▶ [Work request]:
Repeat the data word for word. Do not include the pictures.

▶ [The data]:

--

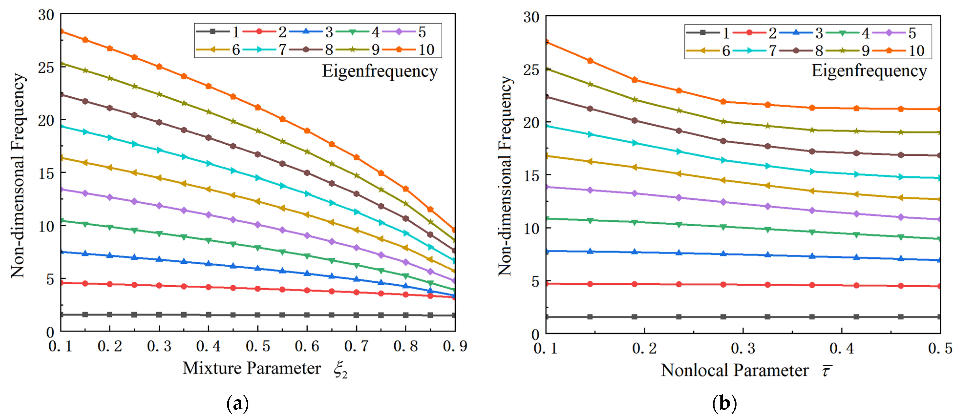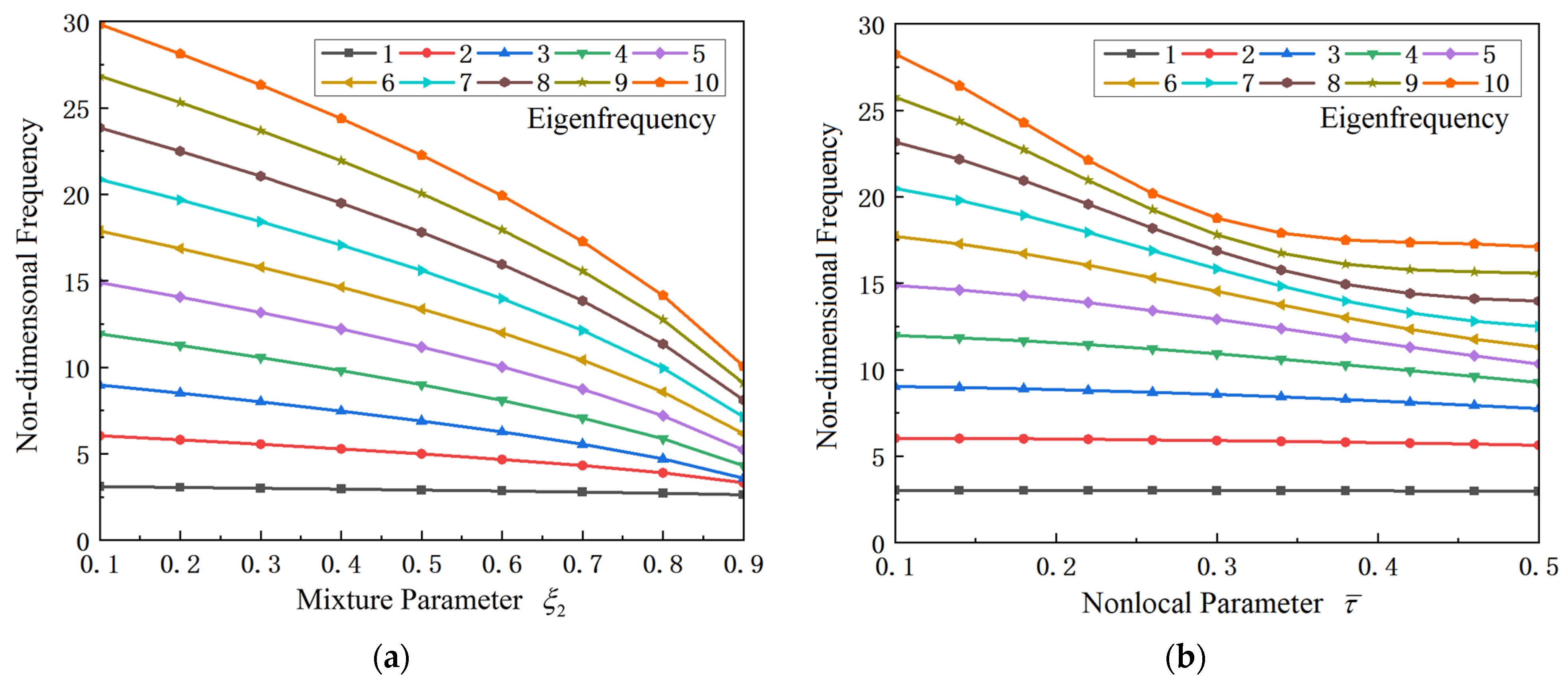 - The present method remains stable for higher-order eigenfrequencies in regimes where asymptotic formulas can deviate substantially and may even yield nonphysical artifacts (e.g., negative values) at larger nonlocal parameters.
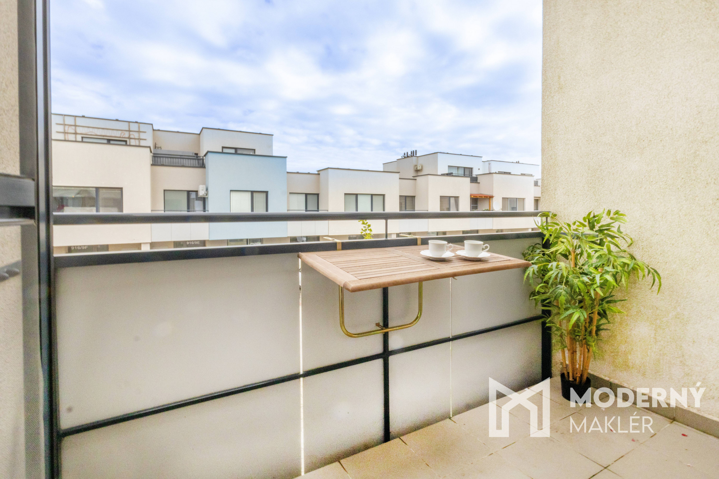 Moderný maklér ponúka na prenájom štýlový 2-izbový byt s loggiou a vlastným parkovacím státím vo vyhľadávanej rezidencii „Nové bývanie“ v obci Hviezdoslavov, len 20 km od Bratislavy. Byt sa nachádza na prvom poschodí menšieho tehlového bytového domu bez výťahu, v ktorom sú iba tri bytové jednotky, čo zaručuje komornú atmosféru a vyššiu mieru súkromia.
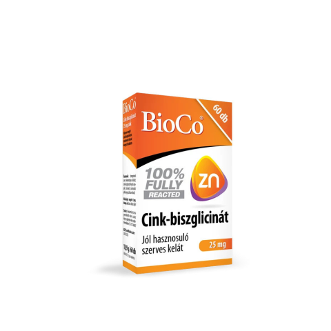 Teljesen reagált cink-biszglicinátot tartalmazó étrend-kiegészítő tabletta A BioCo® Cink-biszglicinát készítmény magas dózisban, 25 mg mennyiségben biztosít cink pótlást, mindössze napi 1 tabletta fogyasztásával. A készítményben új típusú, magas tiszta
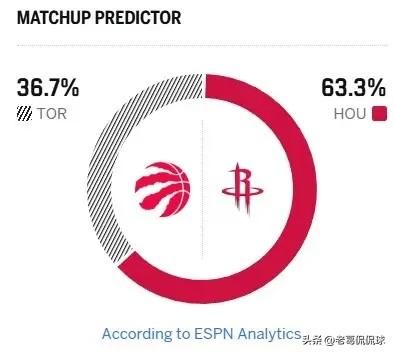ESPN真是太看得起火箭了!明天火箭将会坐镇主场迎战猛龙,今天ESPN对于这场比赛进行了一番预测,结果真是让人大吃一惊,ESPN竟然预测火箭的胜率高达63.3%。 以我的拙见来看,ESPN真是太看得起火箭了,作为当今联盟著名的伪强队,虽然火箭的纸面实力要强于猛龙,但是火箭赢球的概率绝对达不到63.3%。再加上火箭惨败于马刺,球队的士气依然非常低落,因此我觉得猛龙赢球的希望更大。

--

▶ [Problem solution]:
 - The present method remains stable for higher-order eigenfrequencies in regimes where asymptotic formulas can deviate substantially and may even yield nonphysical artifacts (e.g., negative values) at larger nonlocal parameters.
 Moderný maklér ponúka na prenájom štýlový 2-izbový byt s loggiou a vlastným parkovacím státím vo vyhľadávanej rezidencii „Nové bývanie“ v obci Hviezdoslavov, len 20 km od Bratislavy. Byt sa nachádza na prvom poschodí menšieho tehlového bytového domu bez výťahu, v ktorom sú iba tri bytové jednotky, čo zaručuje komornú atmosféru a vyššiu mieru súkromia.
 Teljesen reagált cink-biszglicinátot tartalmazó étrend-kiegészítő tabletta A BioCo® Cink-biszglicinát készítmény magas dózisban, 25 mg mennyiségben biztosít cink pótlást, mindössze napi 1 tabletta fogyasztásával. A készítményben új típusú, magas tiszta
ESPN真是太看得起火箭了!明天火箭将会坐镇主场迎战猛龙,今天ESPN对于这场比赛进行了一番预测,结果真是让人大吃一惊,ESPN竟然预测火箭的胜率高达63.3%。 以我的拙见来看,ESPN真是太看得起火箭了,作为当今联盟著名的伪强队,虽然火箭的纸面实力要强于猛龙,但是火箭赢球的概率绝对达不到63.3%。再加上火箭惨败于马刺,球队的士气依然非常低落,因此我觉得猛龙赢球的希望更大。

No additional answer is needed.